Activity → Output only the lines from the start of the entries through the line holding "Bazar Patrika, 1949.". Each line must match the original exactly.

Data listing →
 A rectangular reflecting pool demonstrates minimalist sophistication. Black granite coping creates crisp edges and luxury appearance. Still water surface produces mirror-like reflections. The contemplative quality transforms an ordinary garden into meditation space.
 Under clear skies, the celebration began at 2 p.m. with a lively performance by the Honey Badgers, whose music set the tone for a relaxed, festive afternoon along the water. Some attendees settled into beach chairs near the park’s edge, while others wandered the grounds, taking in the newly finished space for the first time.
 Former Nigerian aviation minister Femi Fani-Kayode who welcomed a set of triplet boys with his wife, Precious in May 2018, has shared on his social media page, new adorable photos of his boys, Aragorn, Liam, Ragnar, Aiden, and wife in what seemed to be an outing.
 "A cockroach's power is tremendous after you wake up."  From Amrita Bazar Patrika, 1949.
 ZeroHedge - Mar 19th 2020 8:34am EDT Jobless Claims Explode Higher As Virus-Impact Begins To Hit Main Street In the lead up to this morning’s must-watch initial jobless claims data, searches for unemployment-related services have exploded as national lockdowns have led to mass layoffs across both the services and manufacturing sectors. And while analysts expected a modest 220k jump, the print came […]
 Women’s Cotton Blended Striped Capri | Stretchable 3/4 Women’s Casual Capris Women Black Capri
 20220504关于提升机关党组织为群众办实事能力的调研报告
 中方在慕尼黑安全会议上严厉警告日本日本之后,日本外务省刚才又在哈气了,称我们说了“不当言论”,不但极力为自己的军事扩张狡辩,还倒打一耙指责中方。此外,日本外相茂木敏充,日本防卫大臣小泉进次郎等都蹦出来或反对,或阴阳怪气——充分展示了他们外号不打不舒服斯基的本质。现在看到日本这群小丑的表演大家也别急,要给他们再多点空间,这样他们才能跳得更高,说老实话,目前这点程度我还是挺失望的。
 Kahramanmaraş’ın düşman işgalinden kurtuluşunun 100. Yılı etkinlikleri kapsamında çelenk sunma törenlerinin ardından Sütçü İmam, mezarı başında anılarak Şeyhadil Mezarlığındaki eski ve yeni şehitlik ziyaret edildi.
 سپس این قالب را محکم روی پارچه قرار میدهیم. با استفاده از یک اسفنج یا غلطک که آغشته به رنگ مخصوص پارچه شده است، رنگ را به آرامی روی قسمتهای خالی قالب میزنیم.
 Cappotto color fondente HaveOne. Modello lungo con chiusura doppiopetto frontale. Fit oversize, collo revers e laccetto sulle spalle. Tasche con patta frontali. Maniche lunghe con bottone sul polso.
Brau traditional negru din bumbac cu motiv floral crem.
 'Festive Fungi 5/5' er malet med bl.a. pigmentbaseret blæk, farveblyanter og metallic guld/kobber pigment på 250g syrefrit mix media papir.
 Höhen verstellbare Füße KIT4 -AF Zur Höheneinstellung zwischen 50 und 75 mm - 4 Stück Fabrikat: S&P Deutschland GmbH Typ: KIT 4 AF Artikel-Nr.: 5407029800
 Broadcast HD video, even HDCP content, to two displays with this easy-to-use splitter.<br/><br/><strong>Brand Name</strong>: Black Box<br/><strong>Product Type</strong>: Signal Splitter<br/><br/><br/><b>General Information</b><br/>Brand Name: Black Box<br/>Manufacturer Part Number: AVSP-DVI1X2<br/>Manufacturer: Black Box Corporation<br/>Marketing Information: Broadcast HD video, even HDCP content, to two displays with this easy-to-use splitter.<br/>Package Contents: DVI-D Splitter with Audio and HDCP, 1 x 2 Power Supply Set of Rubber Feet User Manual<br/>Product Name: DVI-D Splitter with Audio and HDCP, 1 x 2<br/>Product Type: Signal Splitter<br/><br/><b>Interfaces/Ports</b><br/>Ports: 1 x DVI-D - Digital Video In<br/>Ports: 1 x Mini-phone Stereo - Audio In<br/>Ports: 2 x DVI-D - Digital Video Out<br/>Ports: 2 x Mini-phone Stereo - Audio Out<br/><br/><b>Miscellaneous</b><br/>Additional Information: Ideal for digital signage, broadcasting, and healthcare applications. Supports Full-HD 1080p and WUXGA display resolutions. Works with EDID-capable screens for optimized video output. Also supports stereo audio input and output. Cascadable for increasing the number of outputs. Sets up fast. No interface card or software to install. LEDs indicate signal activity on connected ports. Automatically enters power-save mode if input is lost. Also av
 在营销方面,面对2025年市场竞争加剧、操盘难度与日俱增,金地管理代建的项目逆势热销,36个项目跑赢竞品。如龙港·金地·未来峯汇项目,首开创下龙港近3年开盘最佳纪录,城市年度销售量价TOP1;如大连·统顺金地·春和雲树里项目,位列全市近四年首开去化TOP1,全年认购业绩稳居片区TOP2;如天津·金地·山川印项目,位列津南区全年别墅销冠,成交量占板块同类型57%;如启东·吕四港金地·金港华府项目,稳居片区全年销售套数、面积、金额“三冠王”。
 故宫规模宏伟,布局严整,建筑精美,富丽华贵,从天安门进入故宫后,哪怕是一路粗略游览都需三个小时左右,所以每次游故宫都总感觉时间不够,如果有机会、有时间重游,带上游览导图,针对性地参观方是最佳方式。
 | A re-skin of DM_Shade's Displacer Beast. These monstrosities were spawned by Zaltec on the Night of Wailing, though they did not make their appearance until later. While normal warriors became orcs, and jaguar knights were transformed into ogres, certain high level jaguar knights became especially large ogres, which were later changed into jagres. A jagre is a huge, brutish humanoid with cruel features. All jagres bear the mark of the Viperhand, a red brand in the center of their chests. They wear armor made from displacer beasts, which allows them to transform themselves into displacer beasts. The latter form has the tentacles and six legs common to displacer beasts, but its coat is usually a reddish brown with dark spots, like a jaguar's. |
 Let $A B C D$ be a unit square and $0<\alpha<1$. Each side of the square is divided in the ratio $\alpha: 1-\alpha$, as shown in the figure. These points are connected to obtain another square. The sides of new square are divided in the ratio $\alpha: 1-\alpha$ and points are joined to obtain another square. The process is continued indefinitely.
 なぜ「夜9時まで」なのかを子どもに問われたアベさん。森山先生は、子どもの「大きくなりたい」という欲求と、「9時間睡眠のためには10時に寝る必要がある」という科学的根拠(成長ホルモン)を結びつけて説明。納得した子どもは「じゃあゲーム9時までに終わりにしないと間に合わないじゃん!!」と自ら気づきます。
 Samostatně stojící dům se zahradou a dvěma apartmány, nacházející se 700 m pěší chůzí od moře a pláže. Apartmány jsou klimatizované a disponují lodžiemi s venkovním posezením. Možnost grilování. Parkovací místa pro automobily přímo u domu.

Response area →
 A rectangular reflecting pool demonstrates minimalist sophistication. Black granite coping creates crisp edges and luxury appearance. Still water surface produces mirror-like reflections. The contemplative quality transforms an ordinary garden into meditation space.
 Under clear skies, the celebration began at 2 p.m. with a lively performance by the Honey Badgers, whose music set the tone for a relaxed, festive afternoon along the water. Some attendees settled into beach chairs near the park’s edge, while others wandered the grounds, taking in the newly finished space for the first time.
 Former Nigerian aviation minister Femi Fani-Kayode who welcomed a set of triplet boys with his wife, Precious in May 2018, has shared on his social media page, new adorable photos of his boys, Aragorn, Liam, Ragnar, Aiden, and wife in what seemed to be an outing.
 "A cockroach's power is tremendous after you wake up."  From Amrita Bazar Patrika, 1949.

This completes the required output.